Lol sorry, its just so fitting with the whole idea of some of the guys on here talking about how men are, well intimidated by ambitious and successful women. I came across a show today called "The real housewives of orange county" (yea i was really bored) and basically, it unfortunately echoes what the guys here are saying: they want their wives to stay home and take care of the kids. In fact many of these women were talking about how they used to be succesful career women until they married their fortune 500 husband who then wanted them to stay home and have dinner on the table by 5. And none of them were really happy, in fact one lady got so bored from being home all day that she got a boob job :eek:

 

 

 

Oh god, please don't tell me you actually watch either of those shows. Ugh, anyways well I can't speak for everyone but I think i made it clear that I would like marry a woman who would stay at home with the kids for the sake of the kids, not because I am intimidated by her intelligence. I also said that once the children got older than it would bother me if she worked part-time and slowly increased in her hours.

 

It's really quite funny but I have actually heard that same ruled applied for men in a traditional (man is breadwinner, wife stays at home) household.
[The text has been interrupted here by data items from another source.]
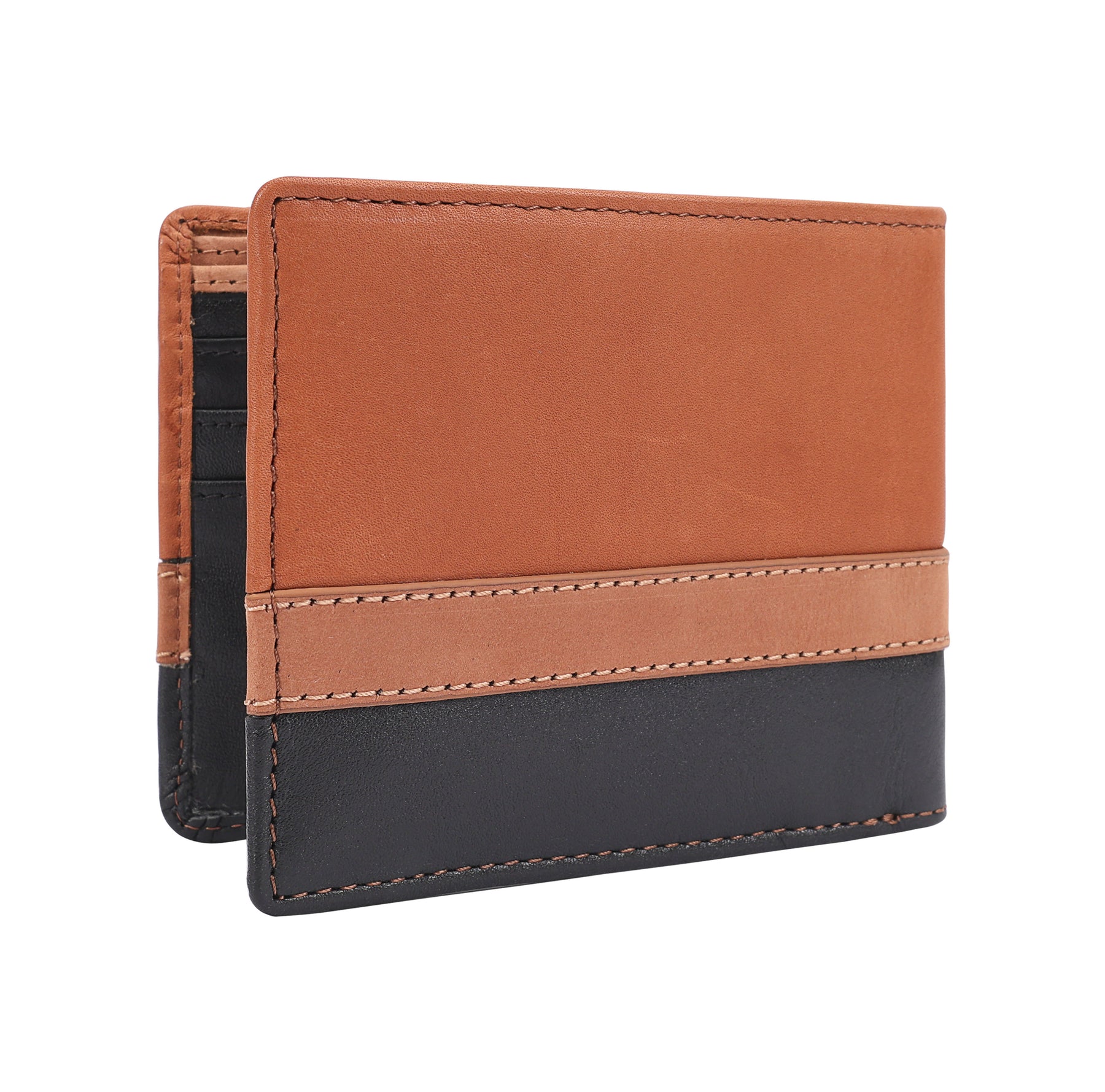 A smart and functional leather wallet designed for everyday use, featuring dedicated card slots, a spacious note compartment, and a secure coin pocket to keep your essentials neatly organized. Crafted from quality leather, it showcases a classic bi-colour design accented with a distinctive outer stripe detail for a modern touch. Durable and stylish, this wallet comes presented in a branded gift box—making it perfect for personal use or gifting. D:2 cm W:11cm H:9.7cm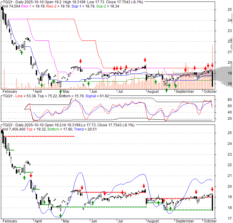 Price has closed below its short-term moving average. Short-term moving average is currently above mid-term; and above long-term moving average. From the relationship between price and moving averages: This stock is NEUTRAL in short-term; and NEUTRAL in mid-long term.[ TQQY ] has closed below the lower bollinger band by 29.0%. Bollinger Bands are 18.2% wider than normal. The current width of the bands does not suggest anything about the future direction or movement of prices.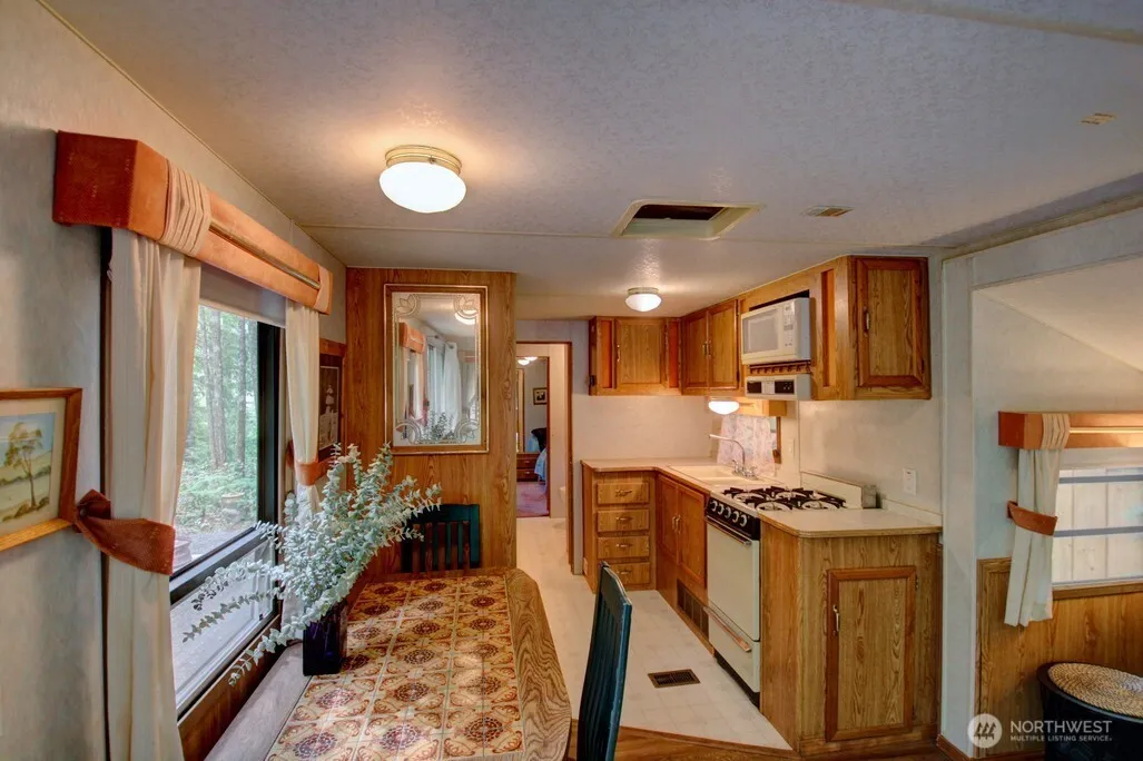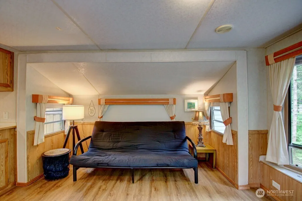 Discover your serene getaway at Lot 49 in The Glen at Maple Falls! This well-kept 40-ft Nomad by Skyline (1993) sits on a lush 4,011 sq ft lot backing to greenspace with peekaboo river views. Inside, enjoy a cozy layout with vinyl plank flooring, a full bathroom, and sleeping accommodations between the bedroom and futon. Outside, relax on the patio, roast marshmallows around the firepit, or add your dream gazebo. The Glen offers unbeatable amenities: 2 pools, hot tub, tennis courts, clubhouse, laundry, security, and gated access. Zoned recreational for up to 120 days/year—perfect for weekend escapes or seasonal stays.

Lol I may be stubborn in many aspects, but I do know how to say "yes dear,".

 

 

 

You must be asian.

 

 

I am not sure if I should take offense to that, but no I am not asian, nor do I have any asian blood in me.

 

I am of european descent, although my exact heritage is unknown, as I am adopted. Many people say that I look Russian....cepts my pol friends but they are biased.

 

As to what you quoted, I was raised with stories of white knights, honorable conduct, and the belief what one does reflects upon ones family. My family is very close, and we help each other out very much, sharing wealth and making sure everyone owns their own home, gets an education and attains a well-paying job.

 

I have always loved the more archaic views of family, considering family back then was more close-knit, etc. Mind you I don't expect to be arranging marriages for my daughter or anything. I am the traditional type to ask a father for his daughter's hand in marriage, before asking her....although if he said no I would ask anyways, lol. But ya I still love the stories about knights, and the way they live by a code of honor. Just like the social norms, I have not adopted all of these rules, but I do have what I consider my own code of honor.

 

It's probably the reason why I hold everyone around me to such high standards, although it should be stated that I expect even higher standards from myself.

 

 

 

Clive you are right and wrong. Lower high class and higher low class you tend to see less of those problems, it's when you get to the higher ranks of the high class where I think you see alot of parents who are business moguls, but couldn't raise a rock much less a child. That's where this idea of spoiled rich kids coking out come from.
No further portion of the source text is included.